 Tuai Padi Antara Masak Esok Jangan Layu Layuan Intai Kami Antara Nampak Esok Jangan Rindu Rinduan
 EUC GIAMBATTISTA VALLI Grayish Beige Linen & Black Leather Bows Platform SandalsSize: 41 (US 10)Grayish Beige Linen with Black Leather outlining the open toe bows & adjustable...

* * *

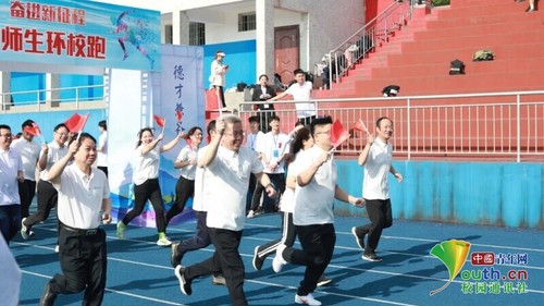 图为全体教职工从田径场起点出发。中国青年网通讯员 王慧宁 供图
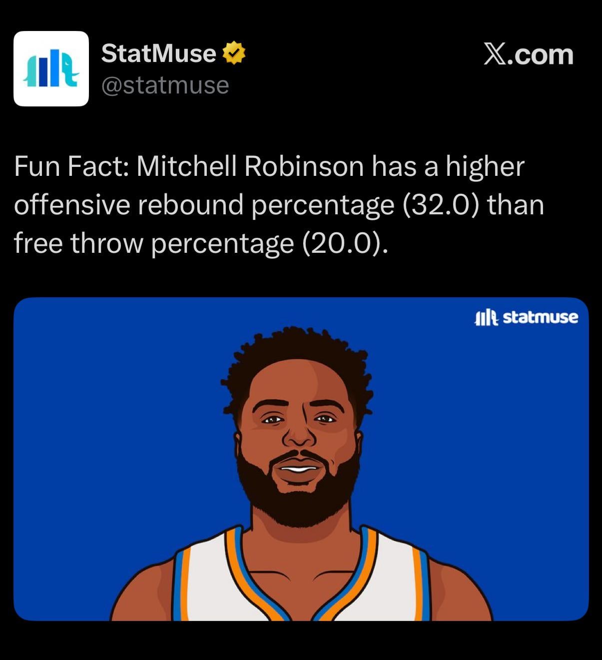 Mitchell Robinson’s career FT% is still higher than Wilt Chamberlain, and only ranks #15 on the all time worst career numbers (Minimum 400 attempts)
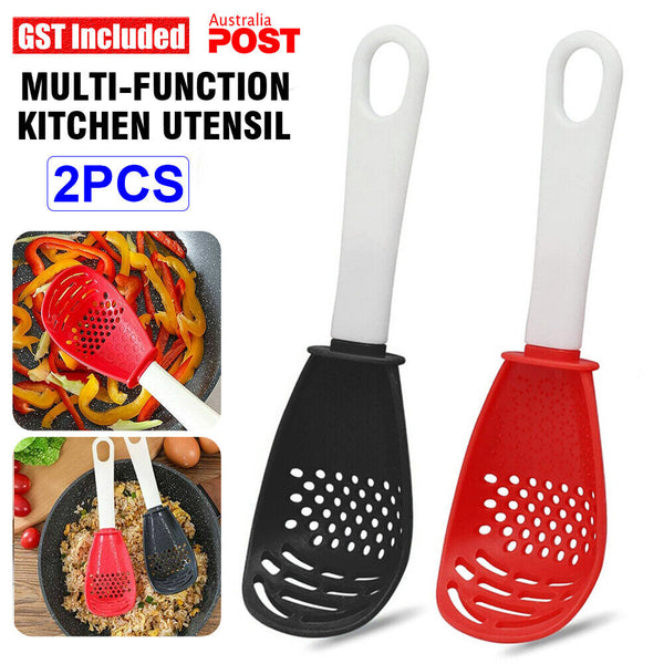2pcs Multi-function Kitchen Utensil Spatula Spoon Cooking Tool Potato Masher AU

* * *

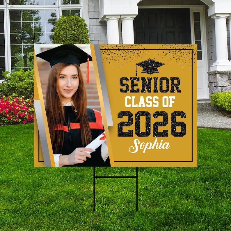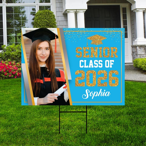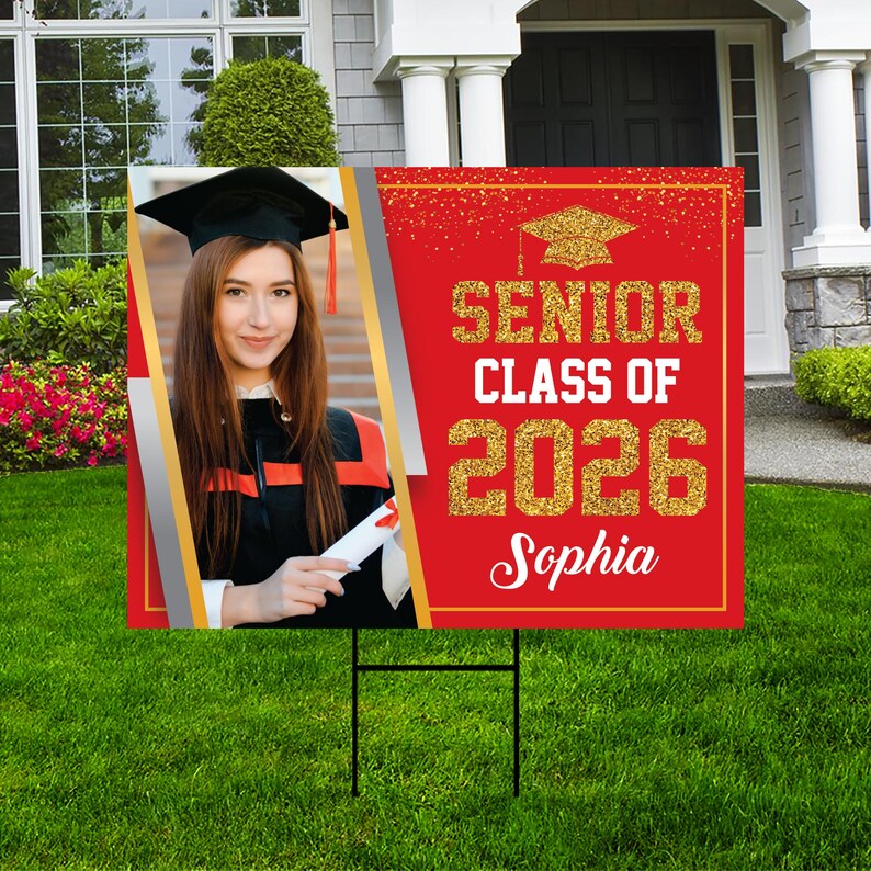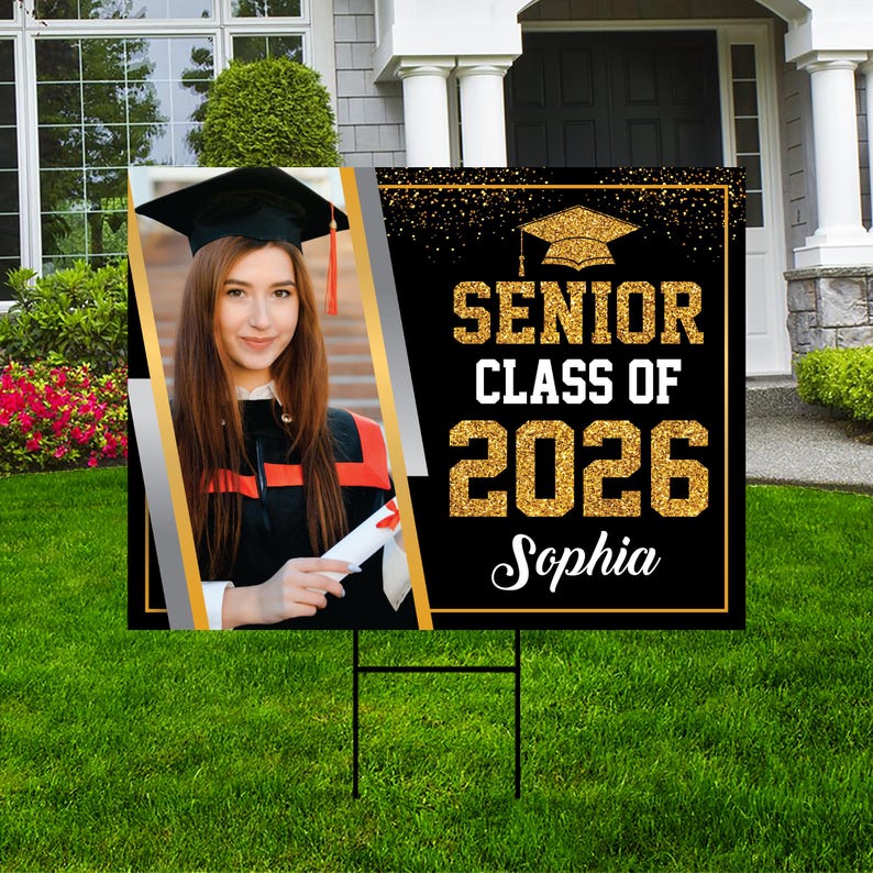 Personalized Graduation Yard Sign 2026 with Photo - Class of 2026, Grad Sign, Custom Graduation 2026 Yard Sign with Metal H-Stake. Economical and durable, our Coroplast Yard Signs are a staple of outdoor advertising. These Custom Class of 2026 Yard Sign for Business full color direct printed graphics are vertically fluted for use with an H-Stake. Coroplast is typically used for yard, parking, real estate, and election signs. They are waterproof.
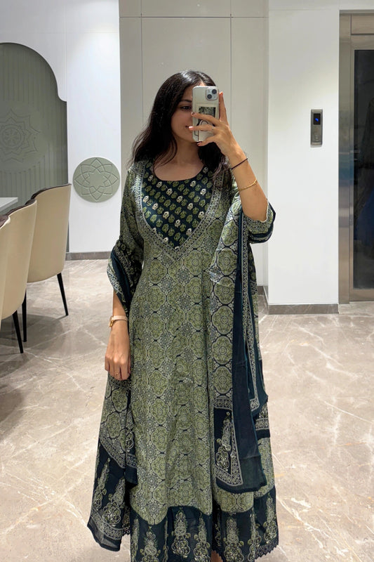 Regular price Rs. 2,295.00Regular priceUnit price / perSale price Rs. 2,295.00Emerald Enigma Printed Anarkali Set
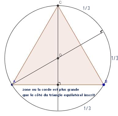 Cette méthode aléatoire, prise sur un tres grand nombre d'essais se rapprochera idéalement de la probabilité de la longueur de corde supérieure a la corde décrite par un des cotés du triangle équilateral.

- Directions
Restate word for word the entries above, starting at the line with "Tuai Padi Antara" and ending at the line with "EUC GIAMBATTISTA VALLI", inclusive, and no others.

- Answer for this exercise
 Tuai Padi Antara Masak Esok Jangan Layu Layuan Intai Kami Antara Nampak Esok Jangan Rindu Rinduan
 EUC GIAMBATTISTA VALLI Grayish Beige Linen & Black Leather Bows Platform SandalsSize: 41 (US 10)Grayish Beige Linen with Black Leather outlining the open toe bows & adjustable...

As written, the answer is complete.